ISLAMABAD: Despite coming to power on an energy-driven manifesto and promising that it would fix Pakistan’s power crisis, the PML-N government has been unable to rein in transmission and distribution losses, which have cost the exchequer around Rs83 billion since 2013.

According to figures presented by Water and Power Minister Khawaja Asif before the recently-concluded Senate session on Friday, the combined losses of the 10 electricity distribution companies (discos) in the country have shot up from Rs31 billion in 2013-14 to Rs52.6bn in 2014-15.

Prime Minister Nawaz Sharif and Punjab Chief Minister Shahbaz Sharif have repeatedly declared that the energy sector was their topmost priority. So far, two ministers and a horde of power sector advisers have been engaged to improve the performance of its beleaguered electricity generation and distribution networks.

The government has already started work on a plan to privatise both discos and gencos (generation companies), believing this is the only viable option to guard against continuous losses. However, as long as the entities remain in the public sector, the government cannot shirk its responsibility.

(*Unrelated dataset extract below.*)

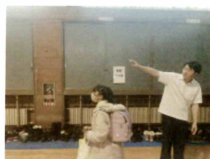
〈ゲーム形式の英語の授業〉 〈体育館では各小学校毎に待機〉 〈生徒会役員が誘導〉

A written reply was placed before the upper house of parliament in response to a query submitted by PML-N Senator Rahila Magsi, who had sought details about the extent of electricity losses because of theft and other factors and the steps the government had taken to reverse this trend.

The power minister explained in his reply that the National Electric Power Regulatory Authority determined the tariff of all distribution companies on the basis of cost of each company’s supply. “Transmission and distribution (T&D) losses are [an] integral part of [the] power system. Such losses vary among discos due to geographical situation as well as consumer mix of each company.

“The T&D losses beyond Nepra target emerge due to inefficiency, theft and law and order situation and also varies among discos.”

As per a fact-sheet given with the response, the Lahore Electricity Supply Company suffered Rs3.7bn in T&D losses in 2013-14, which rose to Rs8.1bn the following year. Incidentally, Lesco is being run by Dr Mussadik Malik, who is also the PM’s spokesperson and has also served as caretaker minister for water and power. He was taken on board by the current government in the hope that he could bring efficiency to the ministry.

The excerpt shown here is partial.